External website: https://www.oireachtas.ie/en/debates/debate/dail/2...


Deputy Fergus O'Dowd: On a point of information before I start, I asked for the Minister of State with responsibility for the national drug strategy to be present to hear the debate and I want to check whether she is coming. Will the Minister of State who is present inform me as to where she is before I start?

 

Minister of State at the Department of Health (Deputy Finian McGrath): I received a call half an hour ago asking me to step in for the Minister of State, Deputy Catherine Byrne, and I am delighted to do so. She was delayed at another event. She could walk in the door; I do not know.  

An Leas-Cheann Comhairle: For the Deputy's information, during health questions earlier, the Minister for Health, Deputy Harris, apologised on behalf of the Minister of State and took her questions.  

Deputy Fergus O'Dowd: I am very unhappy with this. I cannot think of anything more important for which the Minister of State with responsibility for the national drugs strategy should be present than to listen to me speak as a representative of a community suffering greatly because of drug crime.  

People have been shot at and have been petrol bombed. Communities have been left unaided and unsupported by the Department of the Minister of State, Deputy Catherine Byrne. I do not say this lightly. I use the words from a report the Minister of State herself launched yesterday in County Louth. The report, A study on how families are affected by substance misuse in the North East Region of Ireland, includes findings that in the north-east region there is a long waiting list for treatment and a paucity of community treatment, insufficient counselling services, lack of dual diagnoses and mental health services, insufficient methadone prescribing GPs and very few family support services. Additionally, participants spoke of a perceived lack of professional standards, accountability and transparency by some treatment services towards patients.

 

What is the Minister of State with responsibility for the national drugs strategy going to do to tackle this serious outbreak of drug related activity in our town? In fairness, the Minister of State, Deputy Catherine Byrne, has visited Drogheda three times when she met with the Red Door project. Nothing happened, however, after she left. We got no money. There is a chart in her report that shows there is inadequate support for families. There are no outreach services in Drogheda. There are zero outreach services. I believe it is the duty of the Minister of State's Department to provide those. The Red Door project does its very best with drug treatment but there is a four month waiting list for people who wish to get treatment. A person contacted me yesterday, the day before that and last Friday. Sadly, he is in a very serious state with regard to his mental health and unfortunately is in a very difficult situation. He is waiting to get treatment and feels that if he does not get it his mental health will disintegrate.
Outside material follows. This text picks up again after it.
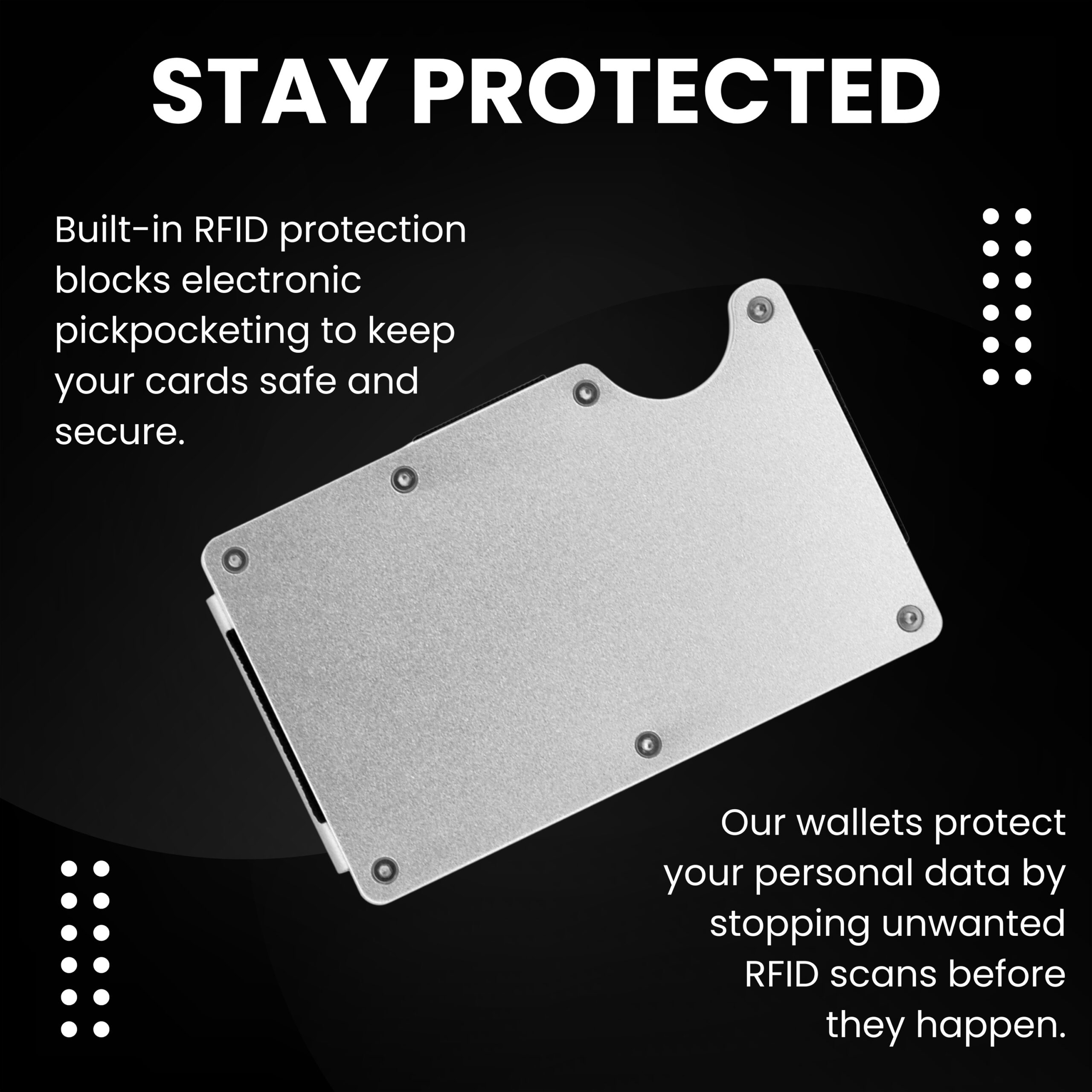 - Our wallets have RFID protection incorporated. Digital theft is automatically blocked! Stay safe in the subway, bus or train.

That is just one example of one person who has contacted me on this issue.

 

What is the solution? I put it to the Minister of State, Deputy Byrne - who is not here - that the Red Door project is looking for €200,000. This would provide two outreach workers and one family worker to address the issues. These workers would work most effectively and efficiently in the Moneymore estate, which includes a population of more than 800 young people under the age of 16. There is a lack of adequate community facilities and youth facilities in Moneymore - there is none - but here are sites where a community facility could be built. They have produced a report that I would be glad to hand to the Minister of State, Deputy Byrne, which she could act upon and work with to ensure the issue is addressed.

 

This is not just an issue for Drogheda. It is an issue for the whole State. It is a fact that in the last calendar year 730 people in the State died as a result of drug abuse. This is two people every day. Compare the figure for these tragic deaths - they are tragedies - to the 186 people who, also tragically, died as a result of road traffic accidents.

 

I am not saying there is no money going into drug treatment services, of course there is, and I am not saying the HSE is not doing its best, but we need to fund it properly. It is unacceptable to me that we do not have outreach workers in Drogheda.

 

As Members are aware, I welcome the initiatives of the Minister for Justice and Equality, Deputy Flanagan, in providing gardaí to tackle the crime issues and the drug dealers and those who are shooting and petrol bombing in the area. These people are giving our town an appalling name that it does not deserve and which it never had before two drug gangs fell out with each other. It will not, however, be solved by criminal justice. Criminal justice is not the solution. It is part of the solution. Social supports, caring for the community and acting in the community are the way forward.

 

I contacted the Health Research Board today to try to identify what are the issues. I can give a figure for the last calendar year in County Louth for the needle service, which operates through pharmacies: there were 44,000 needles exchanged in pharmacies in County Louth in the last 12 months. Obviously, that is not 44,000 people or anywhere near it but we do not actually know the number of people who use this needle service. The Health Research Board tells me that 45% of all drugs misused in Ireland are heroin or opiates, so it is a significant number of people. If there is anything good about that number it is that these people are using clean needles and hopefully they will avoid the other health implications of their drug taking.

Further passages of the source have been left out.